### [THE TASK]
Restate word for word the opening line of the data below and every line after it until the line with "This root store", that line too, but not the pictures.
THE DATA: Begin
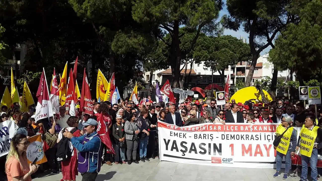 Sabahın erken saatlerinde Seferihisar’ın Pazar yerinde toplanan halk, Seferihisar Cumhuriyet Meydanı’na doğru yürüyüşe geçti. Yürüyüşün ön sırasında Seferihisar Belediye Başkanı İsmail Yetişkin, Seferihisarlı yurttaşlara eşlik etti. Sendikalar, siyasi partiler ve demokratik kitle örgütlerinin de katılım sağladığı 1 Mayıs İşçi Bayramı etkinliği, Cumhuriyet Meydanı’nda gerçekleşti. DİSK Genel İş, Tüm Emekçiler Sendikası, Eğitim Sen, SEHADER, Seferihisar Demokrasi Platformu, Atatürkçü Düşünce Derneği, Halk Evleri gibi örgütlerin yanı sıra TİP, CHP, Yeşil Sol, DEVA Partisi, Gelecek Partisi gibi siyasi partiler de yürüyüşe katıldı.
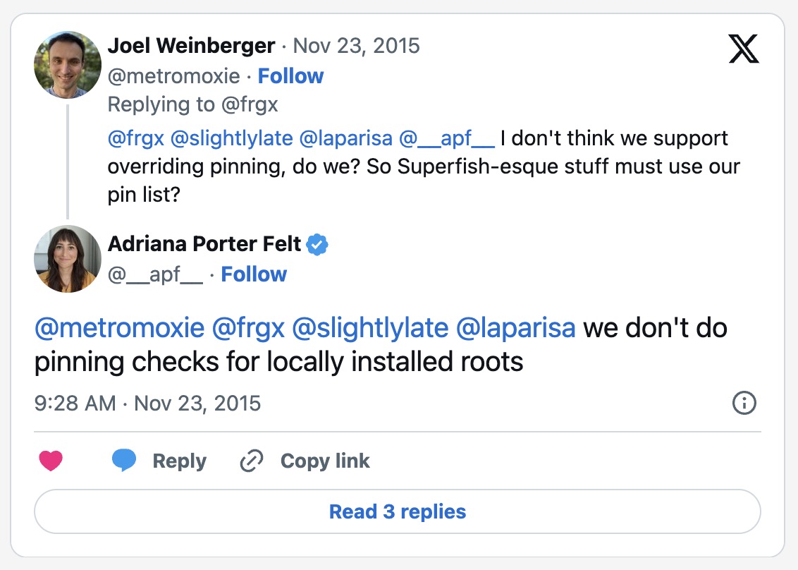 This root store bypass is a backdoor that completely subverts the purpose of certificate pinning. After Superfish 1, 2, and 3, we should question the wisdom of a policy that has repeatedly left hundreds of thousands of people vulnerable for very questionable reasons.
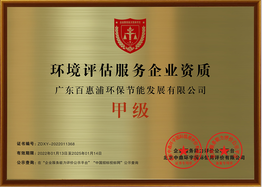 广东百惠浦环保节能发展有限公司持有环境评估服务企业资质(甲级)(证书编号:ZDXY-2022011368),由北京中鼎环宇国际信用评价有限公司评定。该资质是对公司在环境影响评价、环保技术评估、项目环境合规咨询等领域专业能力的权威认证,标志着百惠浦具备为工业企业提供专业、高效、合规的环境评估服务的甲级服务能力。
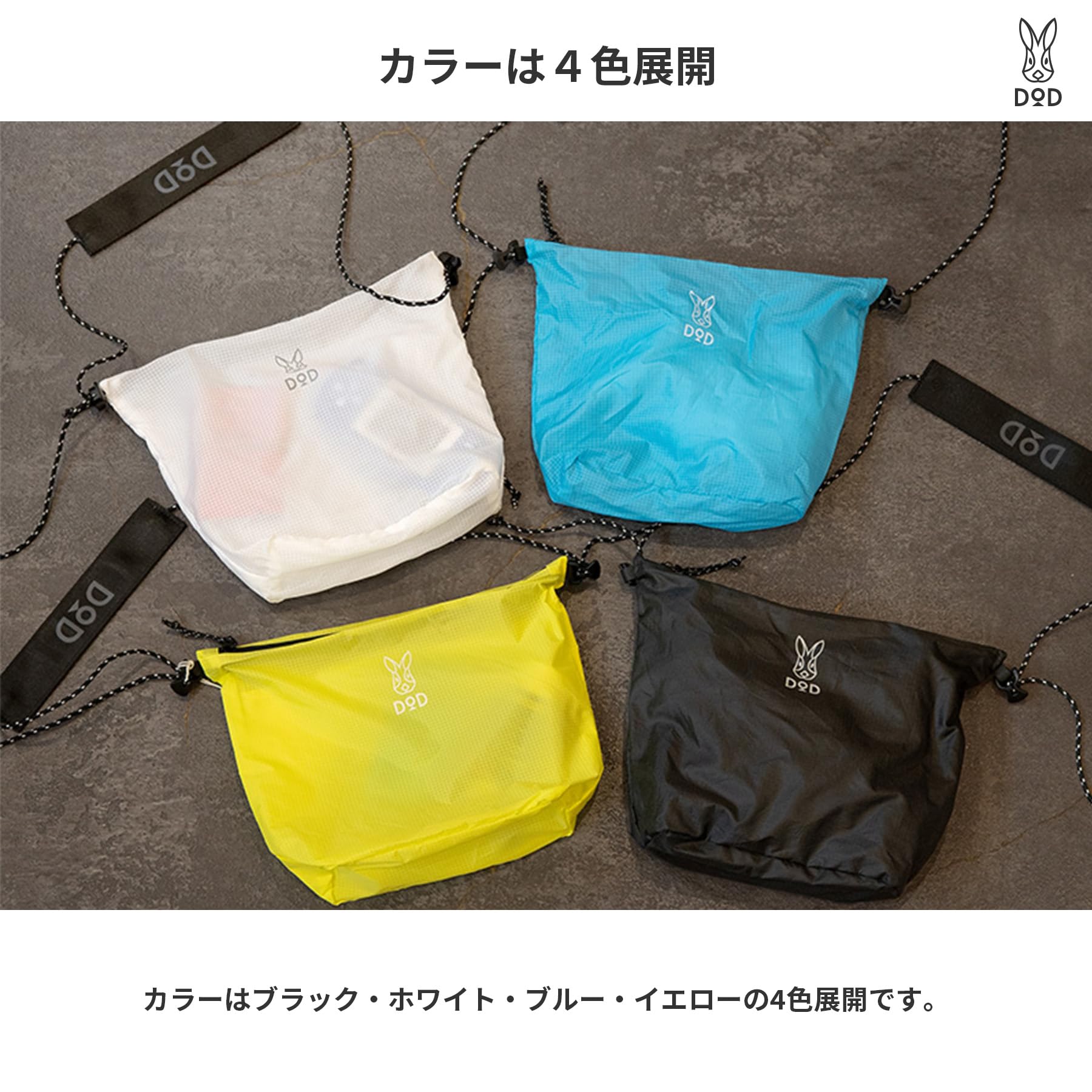 DOD(ディーオーディー) フッカルトート 3way ポケッタブル 収納 トートバッグ 軽量 コンパクト ライトウェイト フェス アウトドア BA124-WH/BL/BK/YL
THE DATA: End
### [ANSWER SECTION]
 Sabahın erken saatlerinde Seferihisar’ın Pazar yerinde toplanan halk, Seferihisar Cumhuriyet Meydanı’na doğru yürüyüşe geçti. Yürüyüşün ön sırasında Seferihisar Belediye Başkanı İsmail Yetişkin, Seferihisarlı yurttaşlara eşlik etti. Sendikalar, siyasi partiler ve demokratik kitle örgütlerinin de katılım sağladığı 1 Mayıs İşçi Bayramı etkinliği, Cumhuriyet Meydanı’nda gerçekleşti. DİSK Genel İş, Tüm Emekçiler Sendikası, Eğitim Sen, SEHADER, Seferihisar Demokrasi Platformu, Atatürkçü Düşünce Derneği, Halk Evleri gibi örgütlerin yanı sıra TİP, CHP, Yeşil Sol, DEVA Partisi, Gelecek Partisi gibi siyasi partiler de yürüyüşe katıldı.
 This root store bypass is a backdoor that completely subverts the purpose of certificate pinning. After Superfish 1, 2, and 3, we should question the wisdom of a policy that has repeatedly left hundreds of thousands of people vulnerable for very questionable reasons.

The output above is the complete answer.